(Dataset entries Opens)

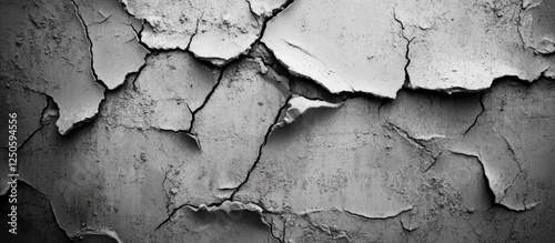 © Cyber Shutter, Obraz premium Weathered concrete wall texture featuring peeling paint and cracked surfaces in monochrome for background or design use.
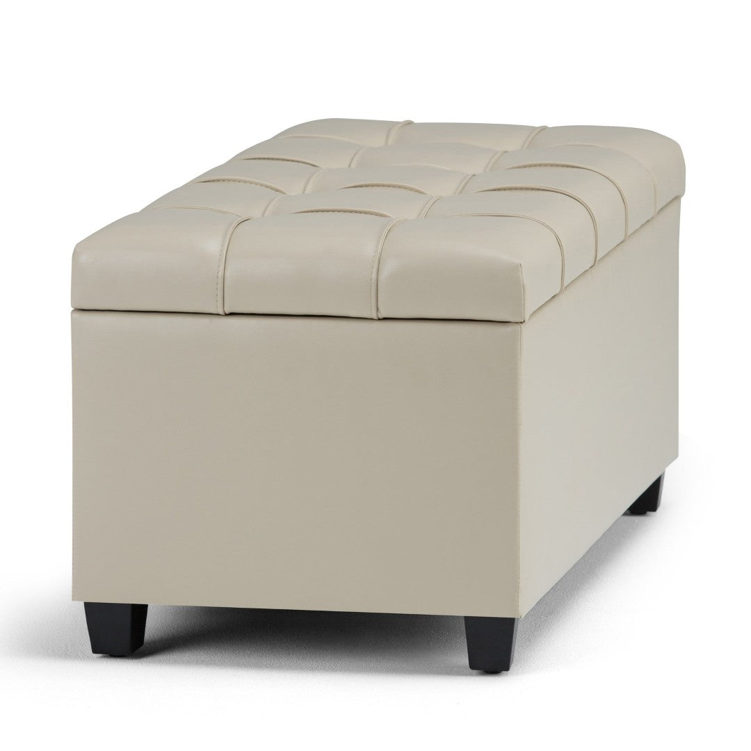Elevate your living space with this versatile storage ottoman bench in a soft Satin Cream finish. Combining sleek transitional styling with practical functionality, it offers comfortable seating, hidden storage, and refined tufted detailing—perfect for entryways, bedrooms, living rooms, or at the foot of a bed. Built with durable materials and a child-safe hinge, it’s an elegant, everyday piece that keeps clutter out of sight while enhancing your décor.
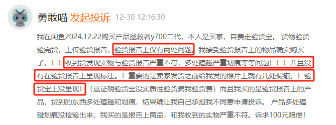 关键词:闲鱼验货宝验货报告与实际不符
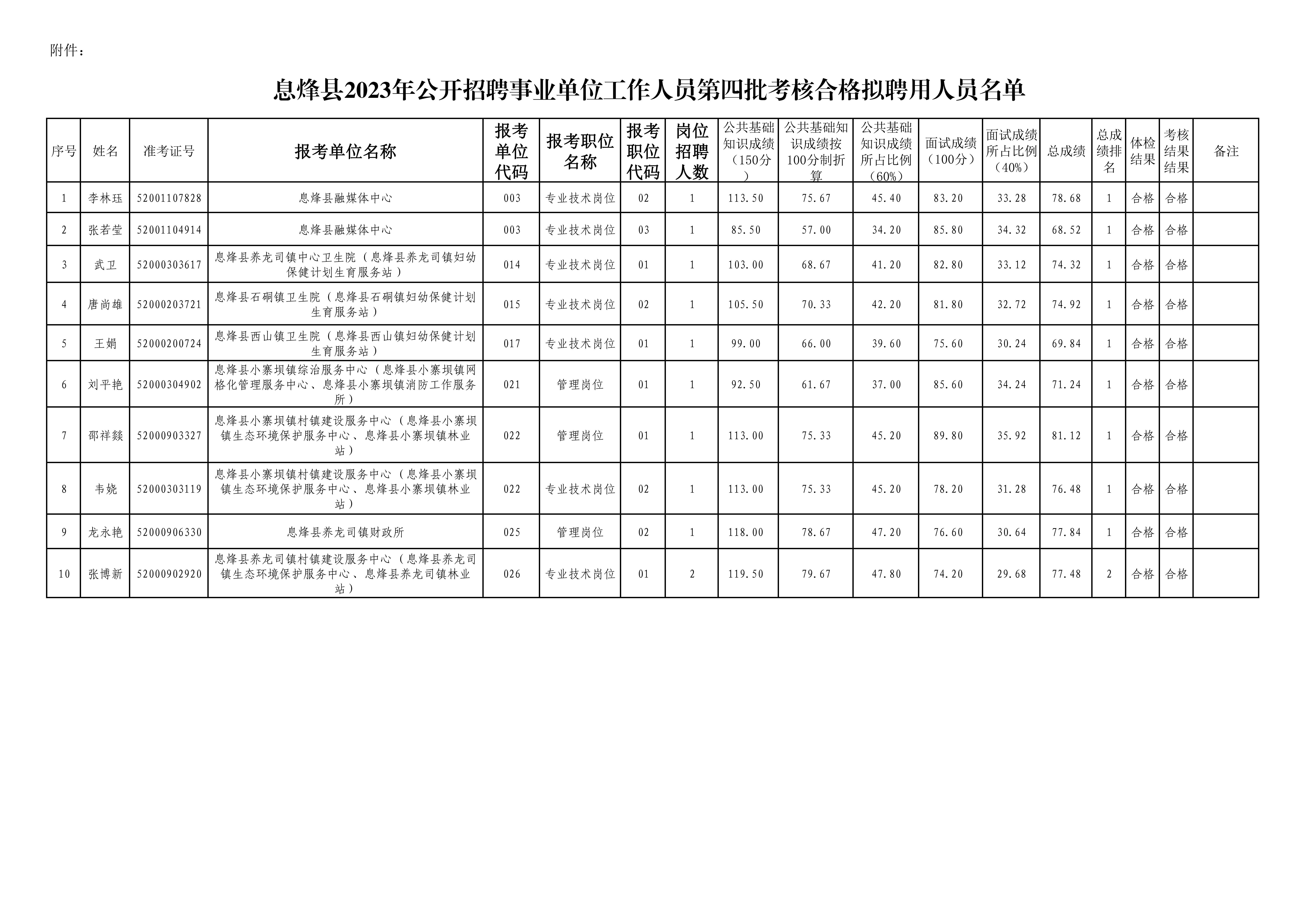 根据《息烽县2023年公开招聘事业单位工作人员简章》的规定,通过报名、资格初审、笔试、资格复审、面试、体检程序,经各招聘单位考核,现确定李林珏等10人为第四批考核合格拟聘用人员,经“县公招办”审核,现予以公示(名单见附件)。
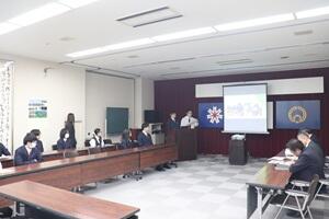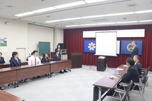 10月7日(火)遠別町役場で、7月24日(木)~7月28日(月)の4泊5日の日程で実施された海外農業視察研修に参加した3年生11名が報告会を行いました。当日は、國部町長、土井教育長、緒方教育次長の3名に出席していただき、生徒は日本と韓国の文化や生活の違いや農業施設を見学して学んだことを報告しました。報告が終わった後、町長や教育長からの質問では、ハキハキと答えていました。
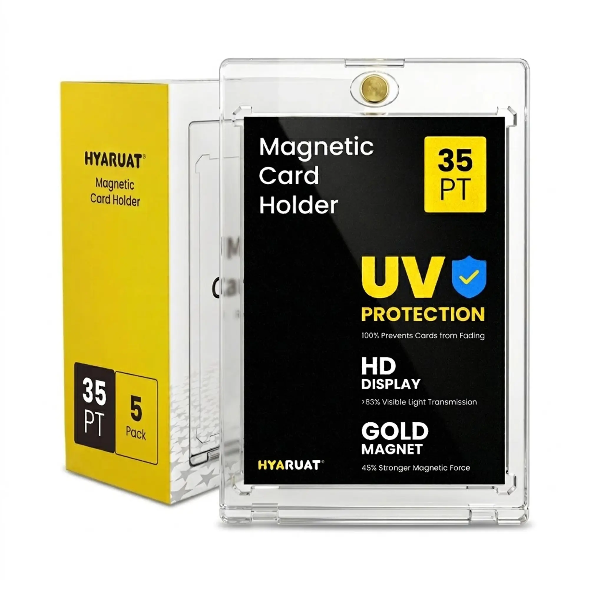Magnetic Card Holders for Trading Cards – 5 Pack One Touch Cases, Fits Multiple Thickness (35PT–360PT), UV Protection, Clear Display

(Dataset entries Closes)

● Required work
Please set down the data above exactly as given, leaving every picture out.

● Answer space
 © Cyber Shutter, Obraz premium Weathered concrete wall texture featuring peeling paint and cracked surfaces in monochrome for background or design use.
Elevate your living space with this versatile storage ottoman bench in a soft Satin Cream finish. Combining sleek transitional styling with practical functionality, it offers comfortable seating, hidden storage, and refined tufted detailing—perfect for entryways, bedrooms, living rooms, or at the foot of a bed. Built with durable materials and a child-safe hinge, it’s an elegant, everyday piece that keeps clutter out of sight while enhancing your décor.
 关键词:闲鱼验货宝验货报告与实际不符
 根据《息烽县2023年公开招聘事业单位工作人员简章》的规定,通过报名、资格初审、笔试、资格复审、面试、体检程序,经各招聘单位考核,现确定李林珏等10人为第四批考核合格拟聘用人员,经“县公招办”审核,现予以公示(名单见附件)。
 10月7日(火)遠別町役場で、7月24日(木)~7月28日(月)の4泊5日の日程で実施された海外農業視察研修に参加した3年生11名が報告会を行いました。当日は、國部町長、土井教育長、緒方教育次長の3名に出席していただき、生徒は日本と韓国の文化や生活の違いや農業施設を見学して学んだことを報告しました。報告が終わった後、町長や教育長からの質問では、ハキハキと答えていました。
Magnetic Card Holders for Trading Cards – 5 Pack One Touch Cases, Fits Multiple Thickness (35PT–360PT), UV Protection, Clear Display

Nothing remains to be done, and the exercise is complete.